Chevron's First Loss in Decades Signals Hard Time for Giants

Chevron's First Loss in Decades Signals Hard Time for Giants
Chevron posts its first annual loss since at least 1980, signaling the difficulties faced by the world’s biggest oil companies as they struggle to emerge from the worst collapse in a generation.

(Bloomberg) -- Chevron Corp. posted its first annual loss since at least 1980, signaling the difficulties faced by the world’s biggest oil companies as they struggle to emerge from the worst collapse in a generation.

The company had a $497 million loss last year and failed to replace all of the crude and natural gas it pumped with new reserves, San Ramon, California-based Chevron said in a statement on Friday. Shares slumped the most in five months.

As the first so-called supermajor oil company to post year-end results, Chevron’s results may herald bleak news for an industry battered by the oil-market crash that began in mid 2014. After hundreds of thousands of job cuts, billions of dollars in asset sales and the accumulation of staggering debt loads to endure the collapse, investors have been optimistic that oil producers who survived the darkest days are on the cusp of a new era of growth.

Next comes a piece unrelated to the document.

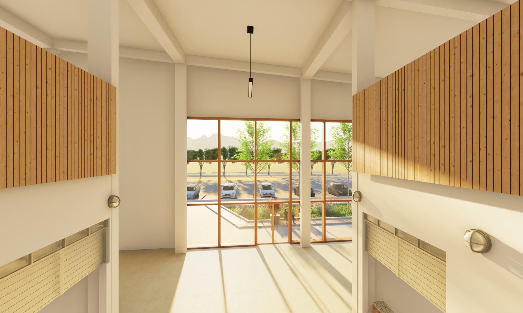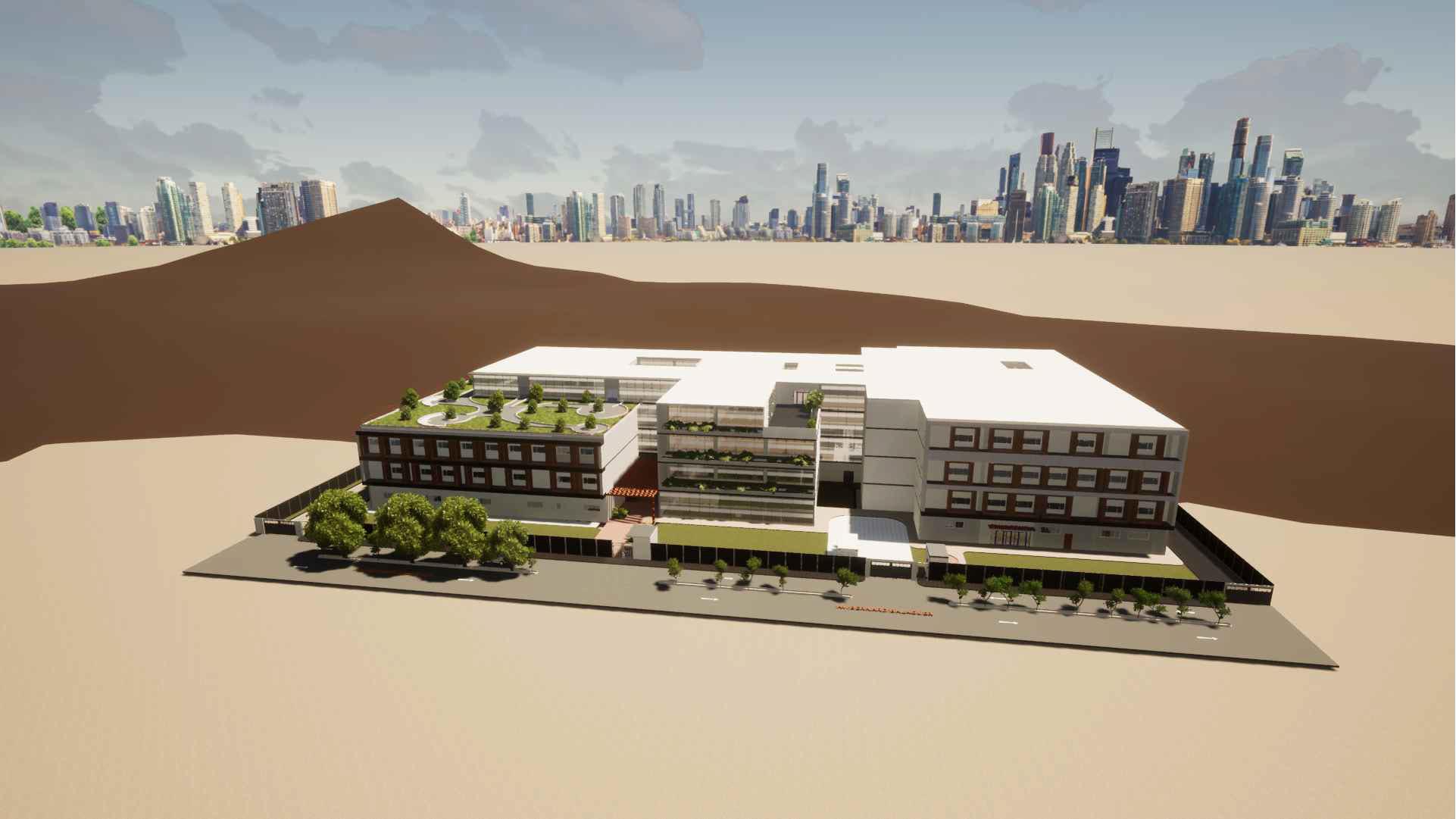 Los ambientes estan proporcionados según su tipo y actividad y asi generar espacios armoniosos para el usuario, los volumenes estan inclinados para dar sombra al recorrido dentro del edificio.

After the 2016 loss, Chevron probably will be able to cover all of its costs this year with cash flow and generate excess cash as soon as 2018, said Brian Youngberg, an analyst at Edward Jones & Co. in St. Louis. Major oil and gas projects that required huge cash infusions during the past several years are mostly complete and poised to begin contributing profits, he said.

Fourth-quarter net income of $415 million, or 22 cents a share, was lower than all 20 estimates from analysts in a Bloomberg survey. During the final three months of 2016, the company’s refineries earned $357 million, less than half the $762 million expected by analysts at Barclays Plc. Narrower margins and downtime at a California plant eroded performance in the business, according to the statement. Shares fell as much as 3.2 percent, the most since Aug. 1, and were down 2.4 percent at 11:09 a.m. in New York.

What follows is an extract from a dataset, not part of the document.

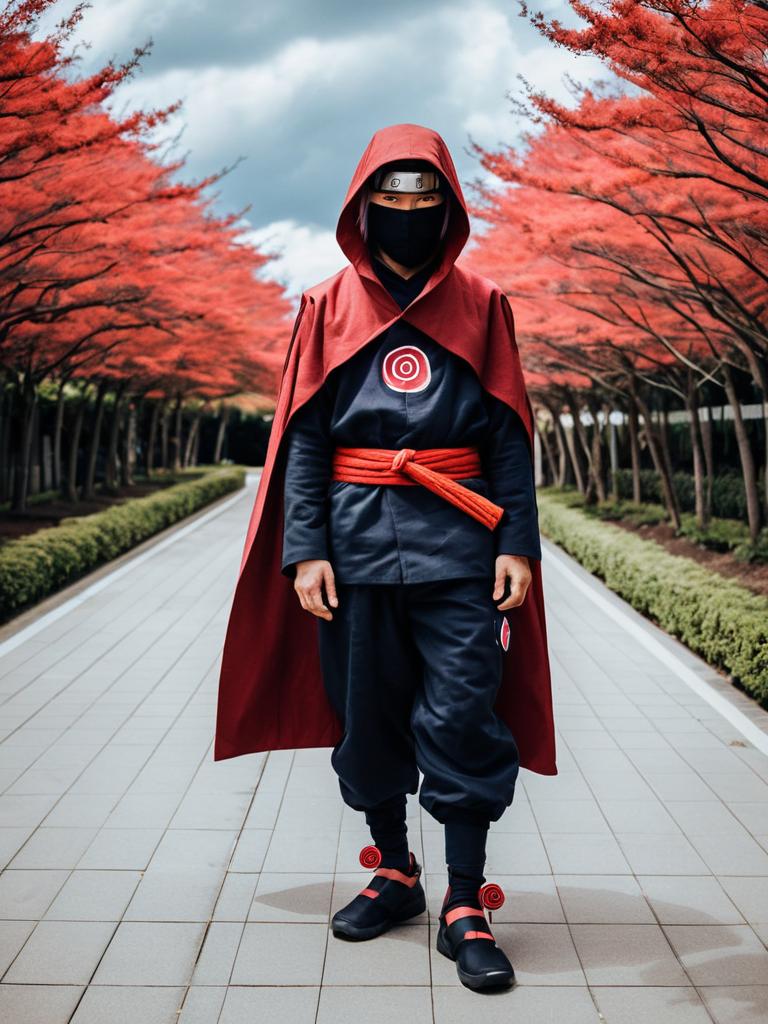 Man in Naruto Akatsuki Costume, full-body cosplay photo with red cloud cloak

Chevron added the equivalent of 900 million barrels of oil to its reserves last year, or 95 percent of what it produced, according to the statement. The new reserves involved oil and gas fields in Kazakhstan, Australia and the Permian Basin beneath Texas and New Mexico. Reserves are a key indicator of future profit potential for investors.

Chevron announced plans last month to curtail spending on drilling and other projects for a fourth straight year, a stark contrast to U.S. shale explorers who are responding to the uptick in crude prices with ambitious expansion plans. While Chevron is cutting its budget for 2017 by 15 percent, shale drillers Continental Resources Inc. and Diamondback Energy Inc. are lifting spending by 77 percent and 106 percent, respectively.

Other Majors

Despite the belt-tightening, Chevron is on pace to spend about $2 billion on shareholder dividends each quarter. That equates to about $1 million an hour. Bigger rival Exxon Mobil Corp. is set to disburse about $3.1 billion per quarter in payouts.

Chevron’s disclosure will be followed by a slew of oil company earnings releases in the next two weeks: Exxon is scheduled to report results on Jan. 31, followed by Royal Dutch Shell Plc on Feb. 2, BP Plc on Feb. 7 and Total SA on Feb. 9.

Brent crude, the international benchmark, averaged $51.06 a barrel in the final three months of 2016, 14 percent higher than a year earlier, according to data compiled by Bloomberg. U.S. natural gas posted an even stronger 42 percent gain to average $3.177 per million British thermal units for the quarter.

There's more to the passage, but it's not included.